Records from a collection:
--*--
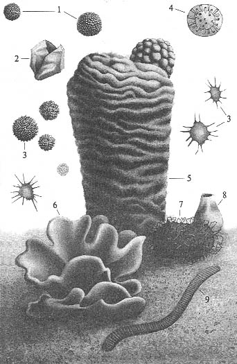 Подобно тому как настоящие летописные свитки именуются по месту их нахождения, получают названия страницы каменной летописи. Вся она подразделяется на два очень неравных по продолжительности интервала — криптозой (3900 — 550 млн. лет назад) и фанерозой (550 млн. лет назад — современный период.) Иногда условно выделяется предшествовавшая криптозою прискойская эра (лат. «прискус» — «предшествующий»), но соответствующих ей отложений (4,6–3,9 млрд. лет назад) на Земле не существует. В криптозое выделяются архей (грен, «древний»; 3,9–2,5 млрд. лет назад) и протерозой (2500 — 550 млн. лет назад.) Последний закончился вендским периодом (605–550 млн. лет назад).
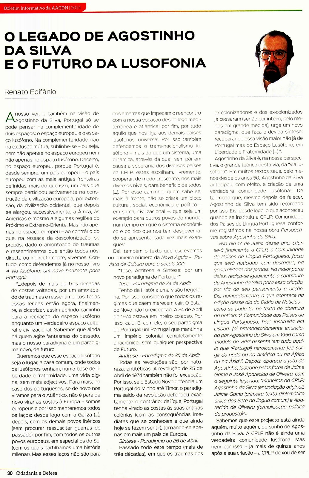 É neste clima que o tema do milagre português, que tem a memória camoniana da unidade europeia congregada com a memória da unidade não perdida, assumiu a lusofonia com a importância que sustenta o autor deste livro oportuno, e que não ignora o vigor com que analistas atentos, multiplicam os avisos e críticas contra a forma como a unidade europeia vai perdendo vigor, com falta de conceito estratégico, com tendência para reviver o directório de má história, tudo agravando a circunstância da lusofonia e do luso-tropicalismo, que devia ser a bandeira do enfraquecido Estado Português, que é a do nosso autor, que não pode ser diminuída, porque é um alicerce nosso.
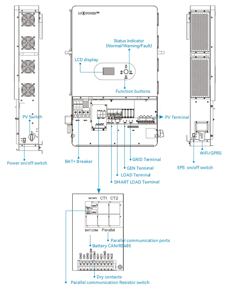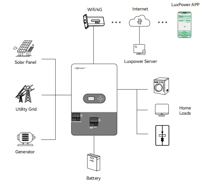 Dets modulære design understøtter parallel forbindelse på op til 16 enheder, hvilket giver forbedret skalerbarhed til at imødekomme forskellige energibehov. Udstyret med en uafhængig belastningsport, der understøtter halvbølgebelastninger, demonstrerer den enestående kapacitet til at håndtere forskellige belastningskrav. Luxpower SNA-EU 12000 har en 100A gennemgående kapacitet og en dedikeret generatorport, der muliggør problemfri integration med eksisterende on-grid-systemer.
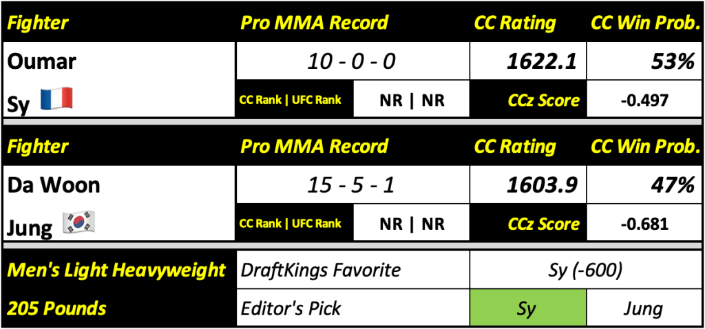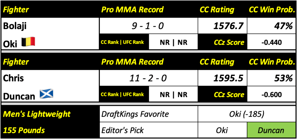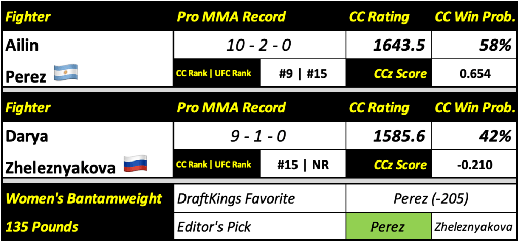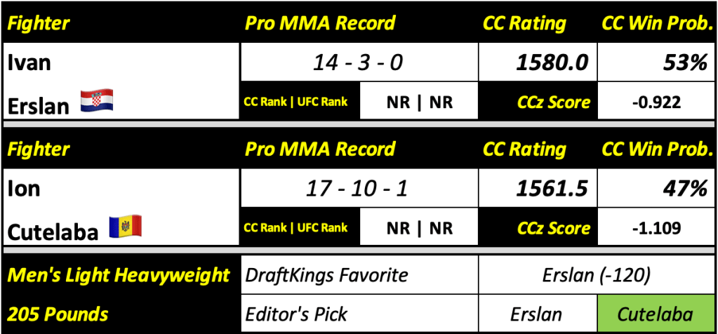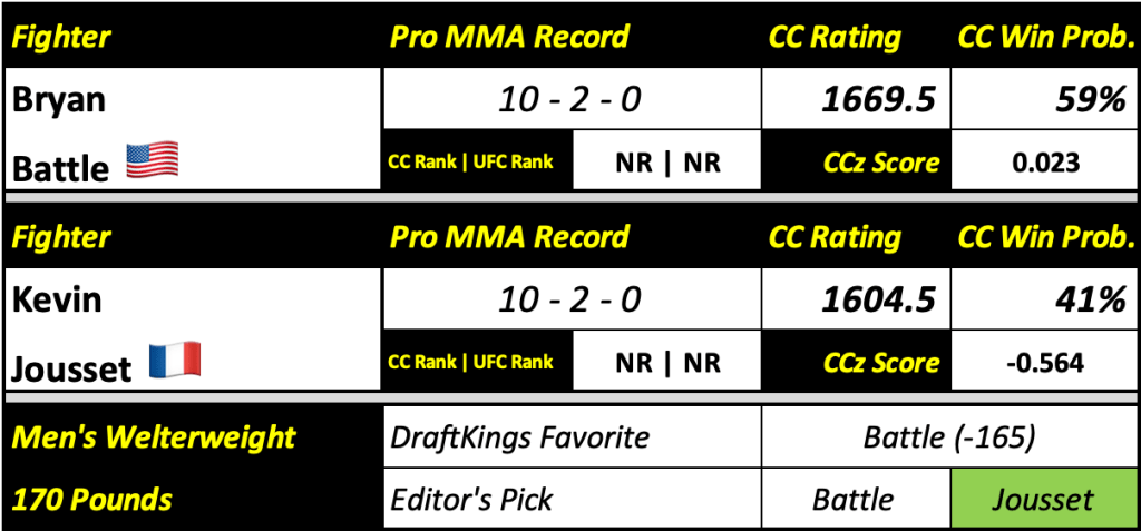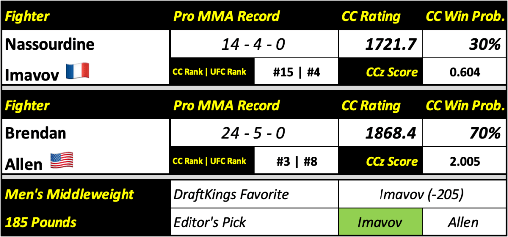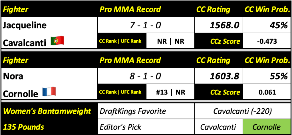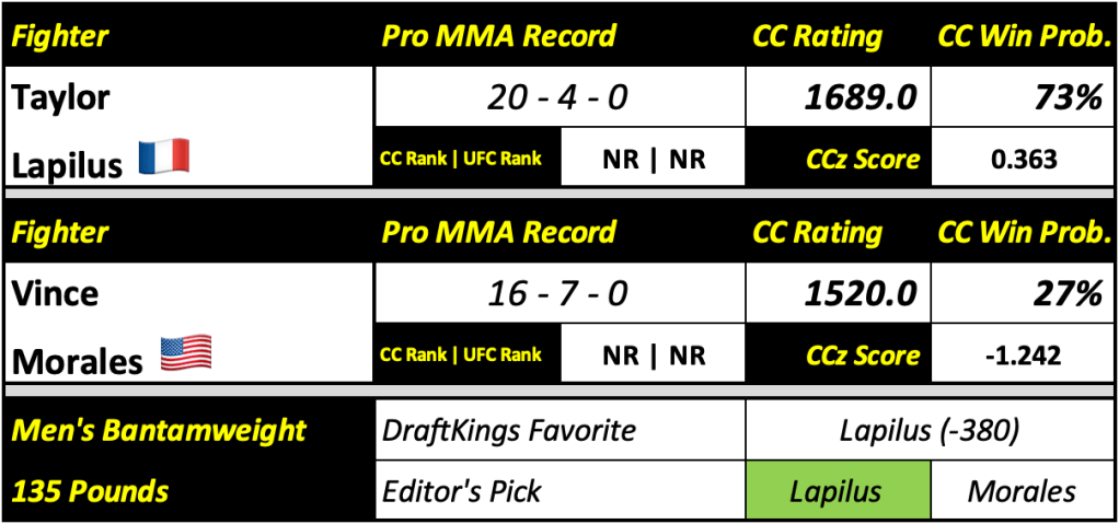 All win probabilities are based off of a fighter’s Cage Calculus (CC) Rating and their place in the CC Rankings. The fighter’s name highlighted in green at the bottom of the panel indicates the editor’s pick to win. Also featured below their record and rating is their divisional rankings in the CC Rankings and the official UFC Rankings. Any fighter falling outside of the top 15 of their respective division is classified as NR (not ranked).
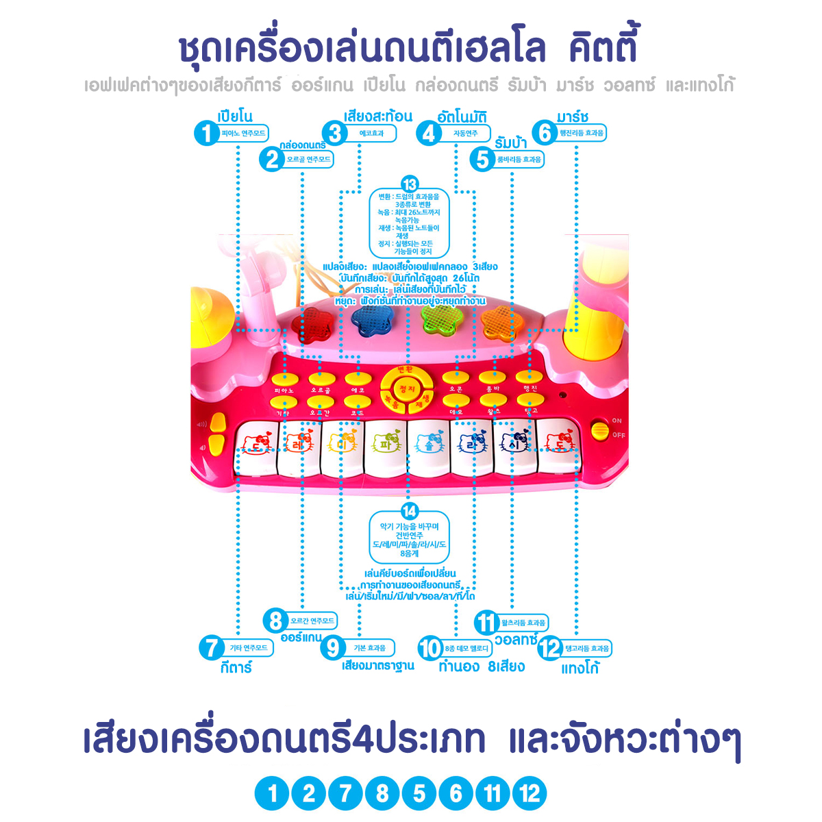 - ปุ่มเลือกเสียงเครื่องดนตรี 4ประเภท: กีตาร์ เปียโน กล่องดนตรี และออร์แกน
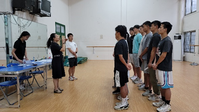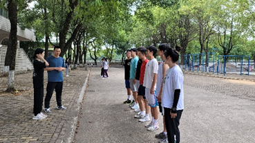9月12-14日全天,主要培训口令、队列队形和实践教学环节。作为常规培训内容的口令和队列队形练习分为小组训练,每人依次轮换角色进行模拟练习。在一声声铿锵有力的口令中,体院学子展现出了他们昂扬向上的精神风貌。
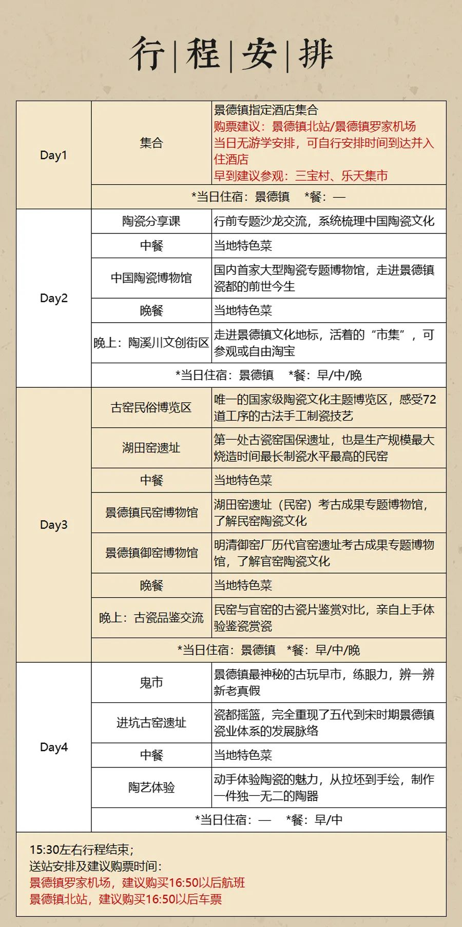 线路由深耕文化游学5年的资深团队精心设计,讲座与游学点探访结合、学习与实操体验相结合、古今对比相结合,全方位感受景德镇陶瓷文化。
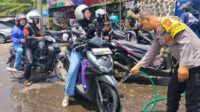 Cegah Rem Blong, Pos Pam Cukang Monteng Ibun Lakukan Penyiraman Kendaraan Pemudik
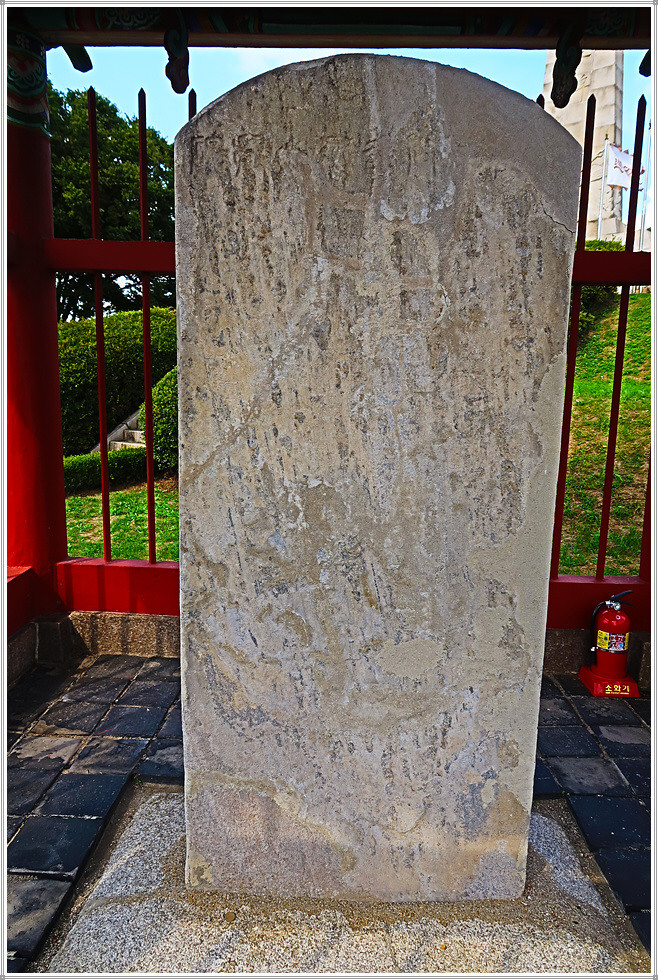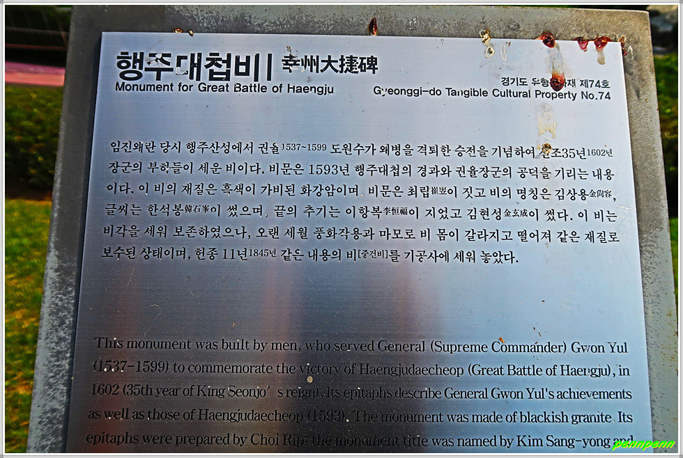 덕양정 위쪽에는 행주대첩을 기념하는 대첩비각과 행주대첩비가 있는데, 행주대첩의 전승을 기념하는 비석은 모두 세 개(초건비, 중건비, 행주대첩비)입니다. 이곳 대첩비각에 있는 비석은 초건비로 제일 먼저 제작된 비석인데, 1602년 장군의 휘하장수들이 새긴 첫 번째 비석으로 당대 최고의 문장가인 최립이 비석의 앞면 글을 짓고, 한석봉이 글씨를 썼다고 합니다.
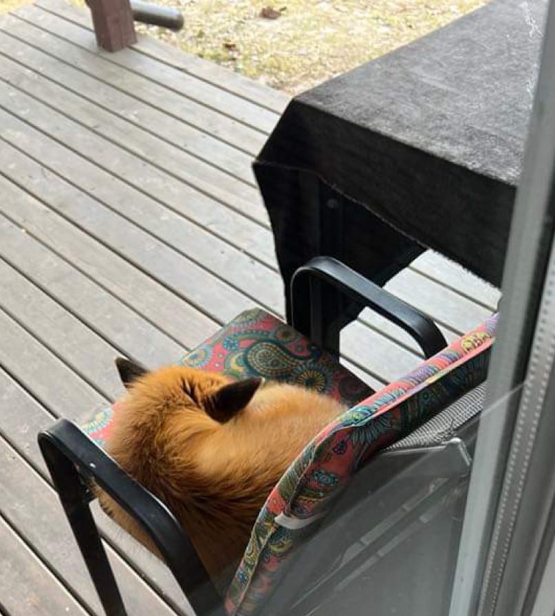 Lapė lankėsi vienos Rokiškio rajono gyventojos sodyboje. Gyvūnas atrodė nebaikštus, tačiau uodega – nušiurusi. Skaitytojos nuotr.
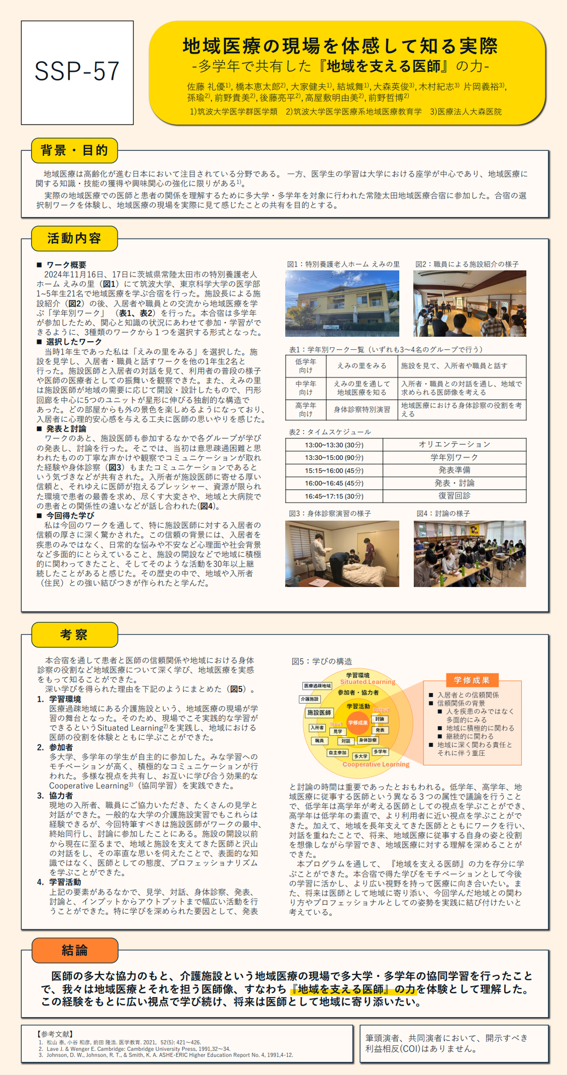 その後、当時1年生で参加した学生がこの学びを第16回日本プライマリ・ケア連合学会学術大会で発表を行いました。
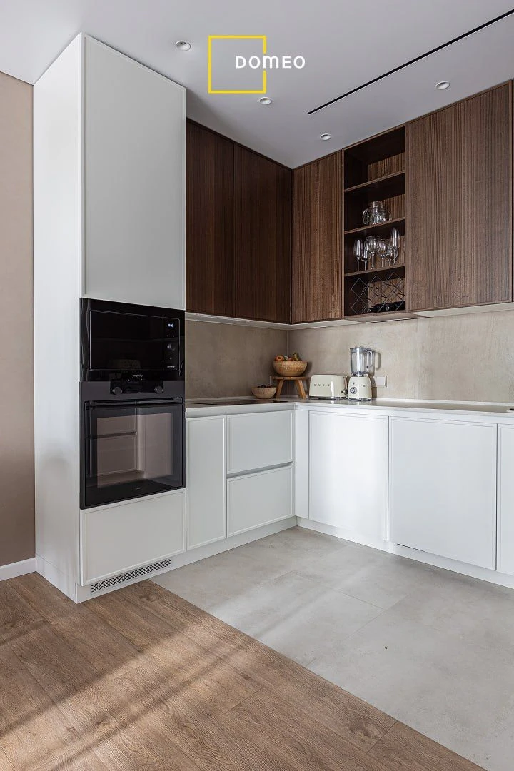 Что сделали? Сделали перепланировку и расширили детскую. Добавили глубокую кухонную столешницу для удобства готовки. Технику встроили, чтобы освободить пространство.
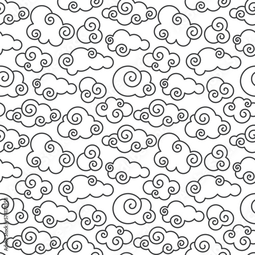 Chinese clouds seamless pattern. Oriental retro design. Thai Japanese and Korean style. Vector illustration
--*--
*Work request*. Repeat the data word for word, minus any pictures.

*Task solution*.
 Подобно тому как настоящие летописные свитки именуются по месту их нахождения, получают названия страницы каменной летописи. Вся она подразделяется на два очень неравных по продолжительности интервала — криптозой (3900 — 550 млн. лет назад) и фанерозой (550 млн. лет назад — современный период.) Иногда условно выделяется предшествовавшая криптозою прискойская эра (лат. «прискус» — «предшествующий»), но соответствующих ей отложений (4,6–3,9 млрд. лет назад) на Земле не существует. В криптозое выделяются архей (грен, «древний»; 3,9–2,5 млрд. лет назад) и протерозой (2500 — 550 млн. лет назад.) Последний закончился вендским периодом (605–550 млн. лет назад).
 É neste clima que o tema do milagre português, que tem a memória camoniana da unidade europeia congregada com a memória da unidade não perdida, assumiu a lusofonia com a importância que sustenta o autor deste livro oportuno, e que não ignora o vigor com que analistas atentos, multiplicam os avisos e críticas contra a forma como a unidade europeia vai perdendo vigor, com falta de conceito estratégico, com tendência para reviver o directório de má história, tudo agravando a circunstância da lusofonia e do luso-tropicalismo, que devia ser a bandeira do enfraquecido Estado Português, que é a do nosso autor, que não pode ser diminuída, porque é um alicerce nosso.
 Dets modulære design understøtter parallel forbindelse på op til 16 enheder, hvilket giver forbedret skalerbarhed til at imødekomme forskellige energibehov. Udstyret med en uafhængig belastningsport, der understøtter halvbølgebelastninger, demonstrerer den enestående kapacitet til at håndtere forskellige belastningskrav. Luxpower SNA-EU 12000 har en 100A gennemgående kapacitet og en dedikeret generatorport, der muliggør problemfri integration med eksisterende on-grid-systemer.
 All win probabilities are based off of a fighter’s Cage Calculus (CC) Rating and their place in the CC Rankings. The fighter’s name highlighted in green at the bottom of the panel indicates the editor’s pick to win. Also featured below their record and rating is their divisional rankings in the CC Rankings and the official UFC Rankings. Any fighter falling outside of the top 15 of their respective division is classified as NR (not ranked).
 - ปุ่มเลือกเสียงเครื่องดนตรี 4ประเภท: กีตาร์ เปียโน กล่องดนตรี และออร์แกน
9月12-14日全天,主要培训口令、队列队形和实践教学环节。作为常规培训内容的口令和队列队形练习分为小组训练,每人依次轮换角色进行模拟练习。在一声声铿锵有力的口令中,体院学子展现出了他们昂扬向上的精神风貌。
 线路由深耕文化游学5年的资深团队精心设计,讲座与游学点探访结合、学习与实操体验相结合、古今对比相结合,全方位感受景德镇陶瓷文化。
 Cegah Rem Blong, Pos Pam Cukang Monteng Ibun Lakukan Penyiraman Kendaraan Pemudik
 덕양정 위쪽에는 행주대첩을 기념하는 대첩비각과 행주대첩비가 있는데, 행주대첩의 전승을 기념하는 비석은 모두 세 개(초건비, 중건비, 행주대첩비)입니다. 이곳 대첩비각에 있는 비석은 초건비로 제일 먼저 제작된 비석인데, 1602년 장군의 휘하장수들이 새긴 첫 번째 비석으로 당대 최고의 문장가인 최립이 비석의 앞면 글을 짓고, 한석봉이 글씨를 썼다고 합니다.
 Lapė lankėsi vienos Rokiškio rajono gyventojos sodyboje. Gyvūnas atrodė nebaikštus, tačiau uodega – nušiurusi. Skaitytojos nuotr.
 その後、当時1年生で参加した学生がこの学びを第16回日本プライマリ・ケア連合学会学術大会で発表を行いました。
 Что сделали? Сделали перепланировку и расширили детскую. Добавили глубокую кухонную столешницу для удобства готовки. Технику встроили, чтобы освободить пространство.
 Chinese clouds seamless pattern. Oriental retro design. Thai Japanese and Korean style. Vector illustration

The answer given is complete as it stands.